**Work instruction**
Output the first line below and each one after it, exactly, up to and including the line holding "de benodigde ophangbeugel.". Pictures should not be copied.

**Supplied data**
● ● ● ●

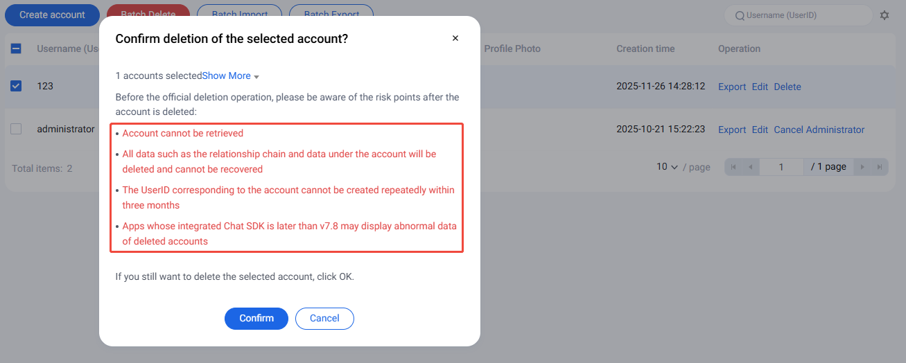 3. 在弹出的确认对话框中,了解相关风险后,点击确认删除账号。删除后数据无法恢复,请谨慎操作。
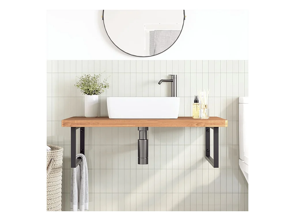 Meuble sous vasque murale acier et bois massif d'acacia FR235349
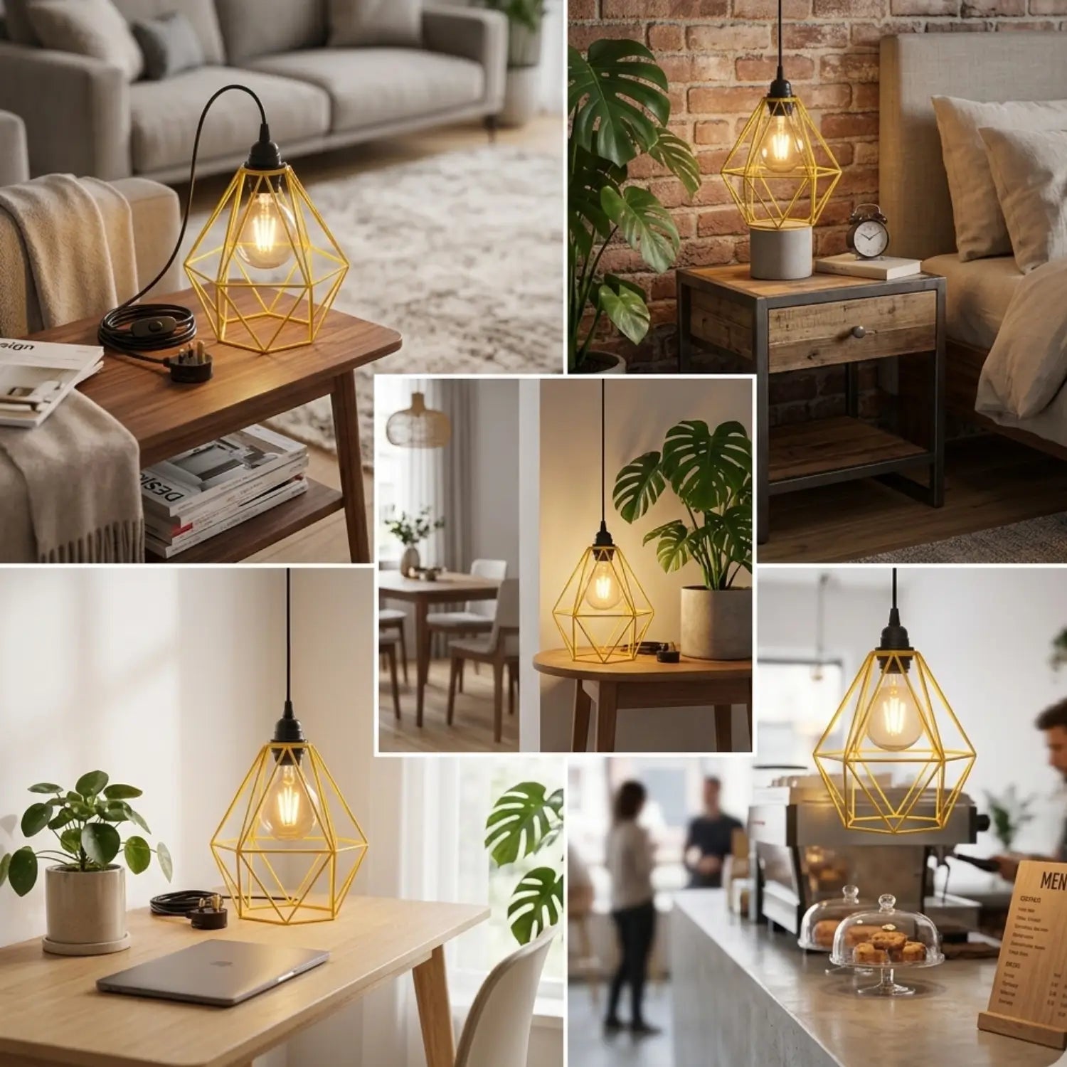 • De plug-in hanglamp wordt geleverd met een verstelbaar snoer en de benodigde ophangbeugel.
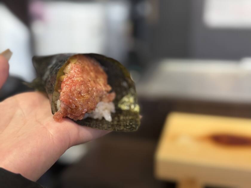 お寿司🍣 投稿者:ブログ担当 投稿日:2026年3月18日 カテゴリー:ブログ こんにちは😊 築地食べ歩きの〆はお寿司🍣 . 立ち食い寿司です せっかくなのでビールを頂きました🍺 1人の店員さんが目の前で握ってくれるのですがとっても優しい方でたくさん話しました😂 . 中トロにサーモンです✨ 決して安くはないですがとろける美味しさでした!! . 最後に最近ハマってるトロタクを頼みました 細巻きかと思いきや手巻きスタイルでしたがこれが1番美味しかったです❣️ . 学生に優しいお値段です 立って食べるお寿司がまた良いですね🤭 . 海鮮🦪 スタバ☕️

● ● ● ●

**Output below**
 3. 在弹出的确认对话框中,了解相关风险后,点击确认删除账号。删除后数据无法恢复,请谨慎操作。
 Meuble sous vasque murale acier et bois massif d'acacia FR235349
 • De plug-in hanglamp wordt geleverd met een verstelbaar snoer en de benodigde ophangbeugel.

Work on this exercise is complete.